• **DATA SUPPLIED**:
**********

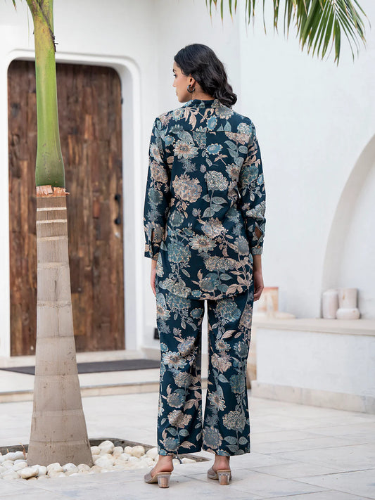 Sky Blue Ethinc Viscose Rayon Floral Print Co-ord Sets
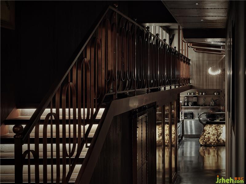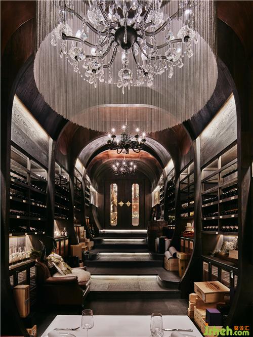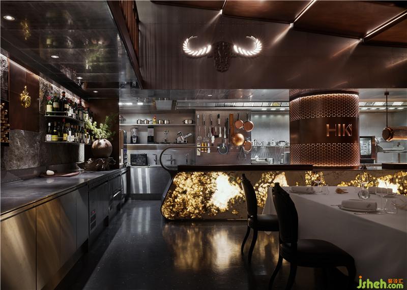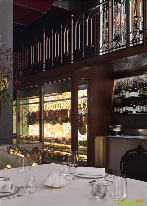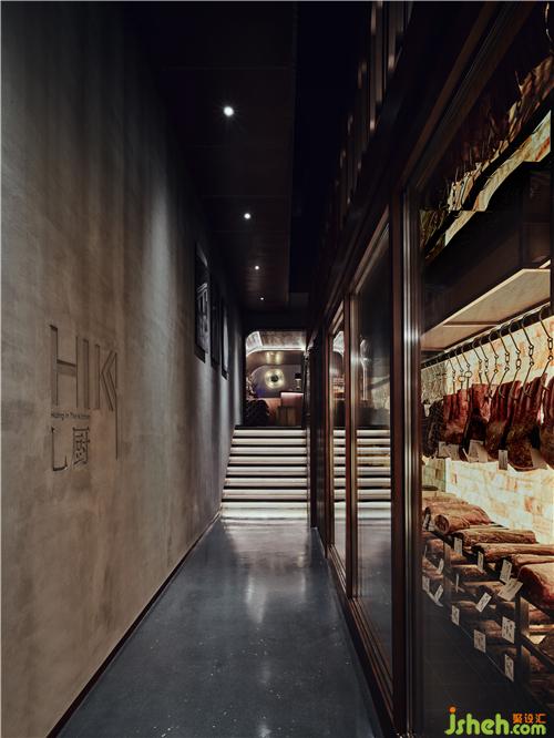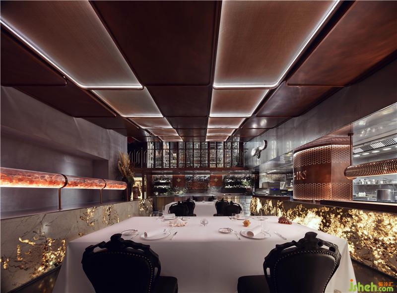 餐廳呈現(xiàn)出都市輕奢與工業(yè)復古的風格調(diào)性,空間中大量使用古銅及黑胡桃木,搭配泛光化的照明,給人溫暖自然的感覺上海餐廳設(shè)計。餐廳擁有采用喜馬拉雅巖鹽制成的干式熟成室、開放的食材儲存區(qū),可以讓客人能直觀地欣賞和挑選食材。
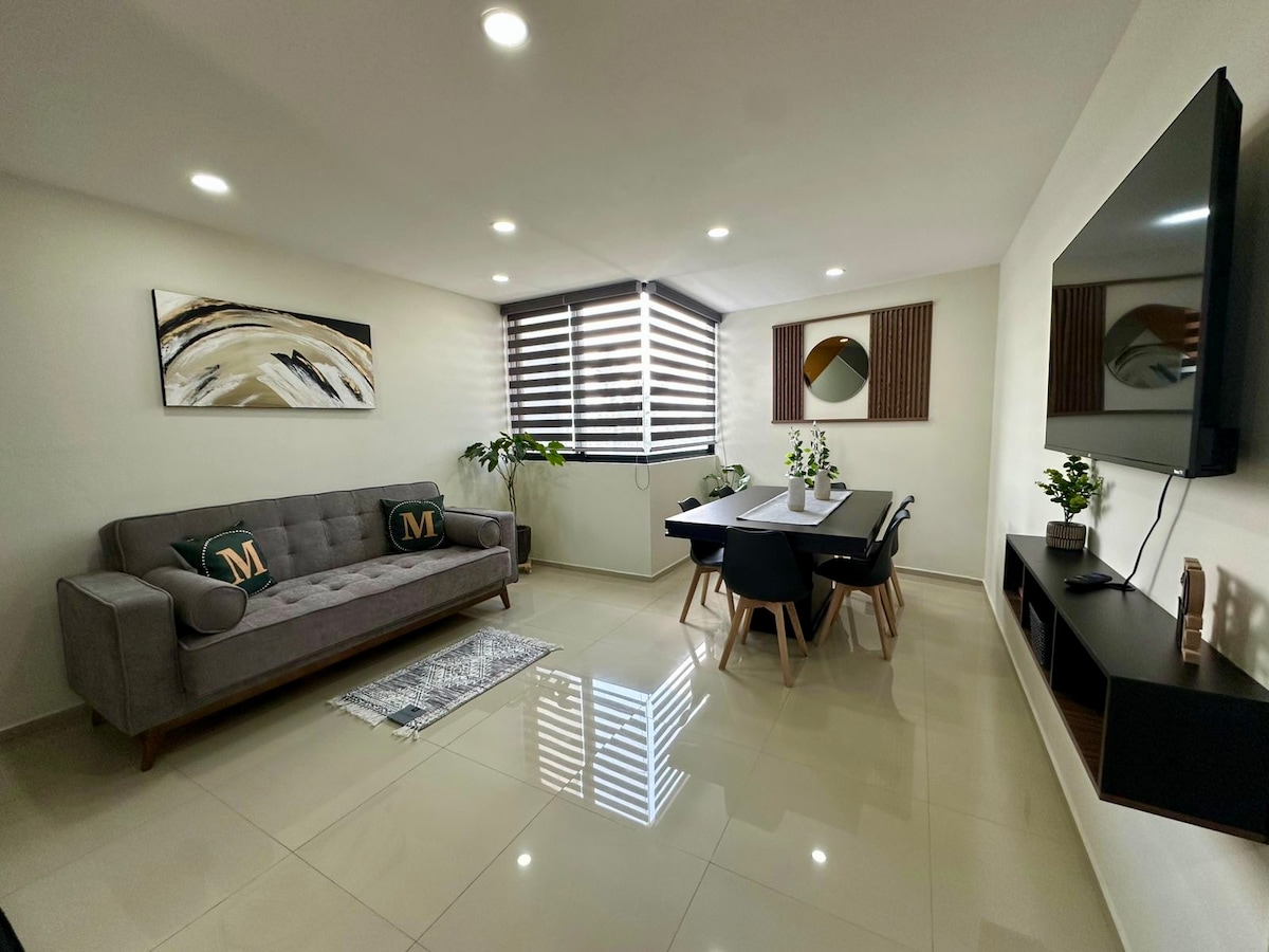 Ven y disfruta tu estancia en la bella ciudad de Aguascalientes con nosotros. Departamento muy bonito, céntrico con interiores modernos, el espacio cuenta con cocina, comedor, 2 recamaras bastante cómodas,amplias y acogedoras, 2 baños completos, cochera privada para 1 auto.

**********

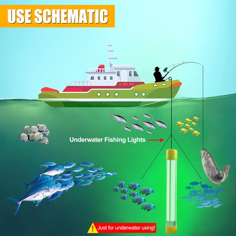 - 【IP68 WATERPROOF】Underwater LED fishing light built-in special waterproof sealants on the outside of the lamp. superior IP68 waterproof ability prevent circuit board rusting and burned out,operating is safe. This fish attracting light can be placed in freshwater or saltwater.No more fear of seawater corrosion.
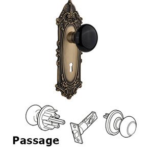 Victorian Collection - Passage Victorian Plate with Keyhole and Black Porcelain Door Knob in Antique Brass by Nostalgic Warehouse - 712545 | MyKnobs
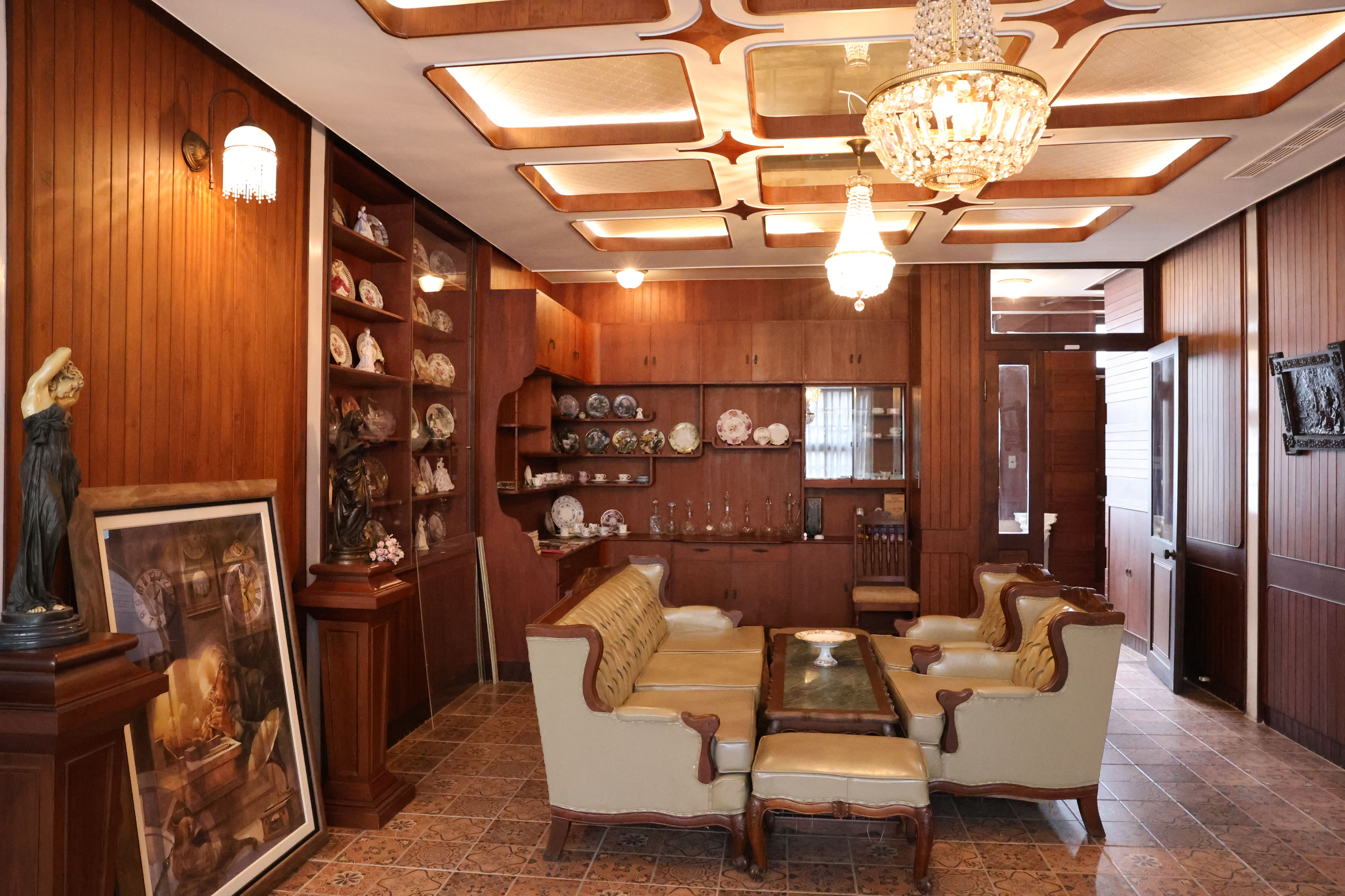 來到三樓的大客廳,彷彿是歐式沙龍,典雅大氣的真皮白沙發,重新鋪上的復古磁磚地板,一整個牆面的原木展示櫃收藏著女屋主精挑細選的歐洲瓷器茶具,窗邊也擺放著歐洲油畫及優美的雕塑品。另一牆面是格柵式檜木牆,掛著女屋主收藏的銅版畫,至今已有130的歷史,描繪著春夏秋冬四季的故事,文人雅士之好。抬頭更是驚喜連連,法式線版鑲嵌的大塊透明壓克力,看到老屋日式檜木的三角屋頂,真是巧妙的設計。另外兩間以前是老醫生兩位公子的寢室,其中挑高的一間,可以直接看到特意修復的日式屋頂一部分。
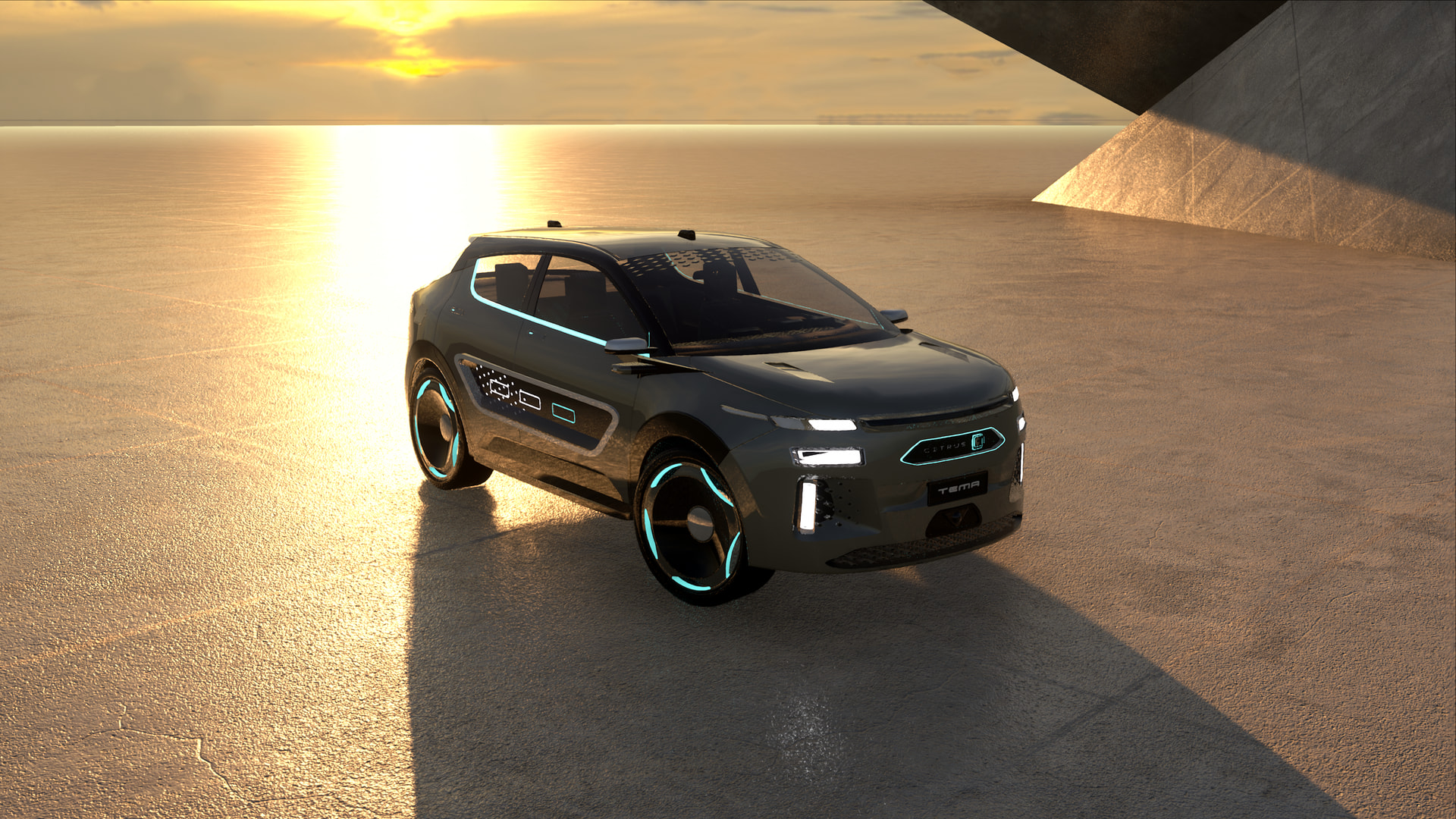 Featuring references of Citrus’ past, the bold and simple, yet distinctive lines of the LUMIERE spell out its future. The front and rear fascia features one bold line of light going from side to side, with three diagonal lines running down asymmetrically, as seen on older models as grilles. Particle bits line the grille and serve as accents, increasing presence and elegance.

**********

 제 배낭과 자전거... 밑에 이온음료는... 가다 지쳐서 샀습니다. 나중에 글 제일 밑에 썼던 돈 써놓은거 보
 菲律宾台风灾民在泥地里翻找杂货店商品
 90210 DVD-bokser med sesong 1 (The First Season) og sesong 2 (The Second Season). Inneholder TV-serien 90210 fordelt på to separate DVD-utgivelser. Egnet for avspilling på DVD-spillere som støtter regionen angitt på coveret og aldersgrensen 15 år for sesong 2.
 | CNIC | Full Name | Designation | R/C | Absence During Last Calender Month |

**********

• **WHAT THE EXERCISE ASKS**: Print nothing except the lines above from the one containing "Sky Blue Ethinc" down to the one containing "餐廳呈現(xiàn)出都市輕", both included, exactly as written and free of pictures.

• **EXERCISE RESULT**:
 Sky Blue Ethinc Viscose Rayon Floral Print Co-ord Sets
 餐廳呈現(xiàn)出都市輕奢與工業(yè)復古的風格調(diào)性,空間中大量使用古銅及黑胡桃木,搭配泛光化的照明,給人溫暖自然的感覺上海餐廳設(shè)計。餐廳擁有采用喜馬拉雅巖鹽制成的干式熟成室、開放的食材儲存區(qū),可以讓客人能直觀地欣賞和挑選食材。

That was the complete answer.